5. Now squeeze a little bit of the water onto the slide
6. Take the cover-slip and carefully put it on top, make sure your not touching anything but the sides
7. Now look at the pond water without the microscope and make observations
8. Turn on the microscope by just plugging it in
9. There will be a black plate like thing called a stage and two clips (stage clips), put the wet mount slide in between
10. Use the fine and coarse adjustment knobs on the side to get the pond particles into view
11. Make observations and draw pictures of what you see and any other notes or things you found interesting
12. Research your findings and make any conclusions you have
Observations:
This is green algae. It is one of the most commonly found particles in freshwater ponds. It is so common, it's harmless. This is so because we have ingested so much of it over the course of life, we have grown immune to it. On the slide we found so much algae, it was mostly all that was seen. I never thought this was causing the illness because it is used in foods like sushi (the green stuff wrapping around it is seaweed, a kind of algae). It is also used as fish food.
This is a flatworm. The only harmful kind of flatworms are the kind that don't live in freshwater. Most of the 20,000 species are harmless and only cause problems like having your insides be eaten out or a rash. There are no kind of flatworms that stay on the outside of your body so the kids had to swallow a great amount of water to have a flatworm be ingested. At first we though this was causing the sickness because it included symptoms like fever and diarrhea, but the picture didn't match. A flatworm is also commonly mistaken as a water-bear, but has less severe outcomes.
The microscope really helped me do an assessment of the pond water. You found out that not only did the bacteria not affect the kids but is also safe to continue to swim in. There were surprisingly not that many different types of microscopic bacteria seen. It was relatively a lot of bacteria ,and dirt, but the same kind.

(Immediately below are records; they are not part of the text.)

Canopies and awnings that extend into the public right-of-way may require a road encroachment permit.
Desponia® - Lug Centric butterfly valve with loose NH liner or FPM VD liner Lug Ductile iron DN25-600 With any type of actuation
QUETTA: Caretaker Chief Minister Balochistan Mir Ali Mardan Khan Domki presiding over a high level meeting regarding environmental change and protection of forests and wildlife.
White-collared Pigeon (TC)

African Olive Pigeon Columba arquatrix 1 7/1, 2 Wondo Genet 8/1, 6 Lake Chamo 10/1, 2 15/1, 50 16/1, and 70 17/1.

Conclusion: My conclusion is that the kids at Jackson and Truman Middle School got sick from salmonella in the chicken, not the pond water. I think this because the symptoms are the same as reported and the bacteria is the same. Although I didn't do a lab report on the chicken from Cheap Chicken Hut, my classmates told me about their results. They said that the sickness was temporary, the kids didn't feel bad enough to go to the doctor, and the food inspection at Cheap Chicken Hut wasn't very good. All these factors add up to salmonella. The bacteria in the pond water wasn't harmful either. It had some causes but none related to what the children reported. So after all this, my hypothesis was definitely correct. According to their schedules, they had a band meet (known before hand), went to Cheap Chicken Hut, and did get sick from the salmonella infested chicken. It was not the pond water that got the kids sick.
Background: The Community Health Department contacted Mr. Segen and the 7th grade student body for help. They said that a large amount of kids were out sick from similar symptoms. They wanted to know if it was an outbreak or just a mild bug. We hypothesized, at the beginning of this experiment, that the kids got sick from a band competition they had around the same time. We also hypothesized that the kids might have gotten sick while swimming in the pond water.

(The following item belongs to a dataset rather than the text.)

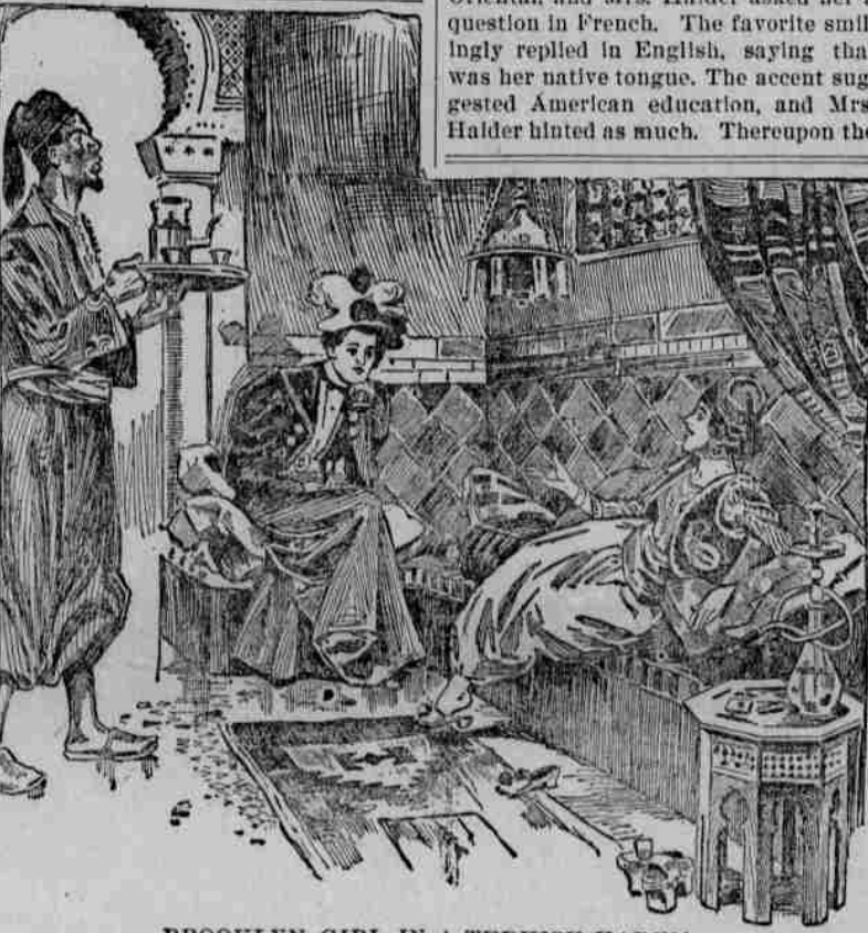
BROOKLYN GIRL IN A TURKISH HAREM.

New York, longitude 76 degrees west, time 4:15 a. m. Chicago, longitude 88 degrees west, time 3:15 a. m.

Hypothesis: My hypothesis was that the kids had the band competition, went to celebrate, and got sick at Cheap Chicken Hut. I don't think that the pond water caused the kids to get ill because not that many kids went swimming but a lot went to Cheap Chicken Hut.
Prediction: My prediction was that after the band competition, many kids didn't go to school the next days. The inspection the restaurant had also wasn't very sanitized. It had violated many regulations. Another reason I predicted this was that because a great percentage of the kids ate at Cheap Chicken Hut.

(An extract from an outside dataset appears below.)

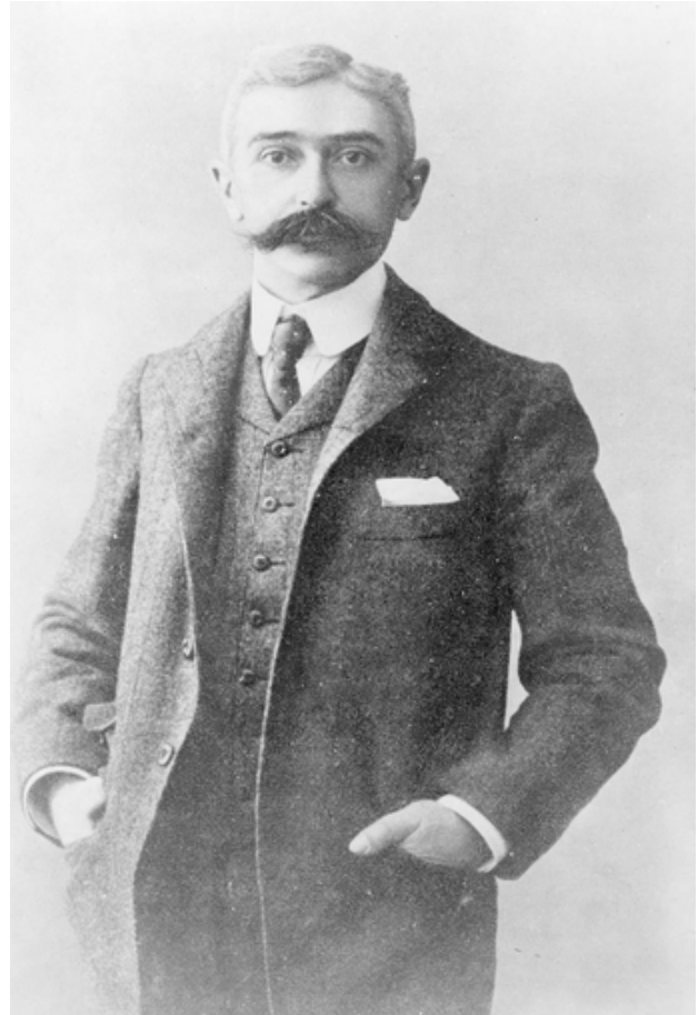
Baron Pierre de Coubertin, founder of the modern Olympic Movement

It was far from certain in its early days that the IOC would survive let alone grow to such dominance. The inaugural Games it staged in Athens in 1896 drew 245 male amateur athletes, overseen by 15 members of the IOC. The games that followed (1900 Paris, 1904 St. Louis, and 1908 London) were held in conjunction with and not infrequently lost within international expositions. The 1912 Games in Stockholm (at which Japan debuted as the first Asian nation) were held on their own, but the IOC was concerned that host cities were gaining too much latitude in running the Games, picking the sports, and choreographing the contests, so it moved to assume direct control over all elements of the Games, powers that it was never to relinquish. De Coubertin used his hand-picked committee to contain the leading international sports federations, especially the International Amateur Athletics Federation, and then, in the 1920s, his IOC co-opted or strangled several rival Games, especially the upstart Women's Games and the Worker Games. 2

Equipment/Materials: For this experiment we needed several materials. We need a microscope to zoom in on our pond water, the actual pond water, a slide/slip cover to make a wet mount slide, a pipette to transfer the pond water from the container to the slide,and pen and paper for any observations.
Procedure: This is the procedure on how to make a slide and mount it onto the microscope to observe it for details on the pond water.
1. Take a clean slide and wipe off any excess debris ( make sure you hold the slide on its sides with your fingertips)
2. Take a pipette and stir the pond water, you should get all the black particles mixed in with the rest of the water
3. Now insert the pipette half way into the water and squeeze the top, there should be little little black particles and water in the tube area now
4. Wait a minute until the black stuff has dripped towards the bottom part of thew pipette, make sure that your holding it over the pond water cup so no water gets on you or your clothes (if it does wash it immediately!)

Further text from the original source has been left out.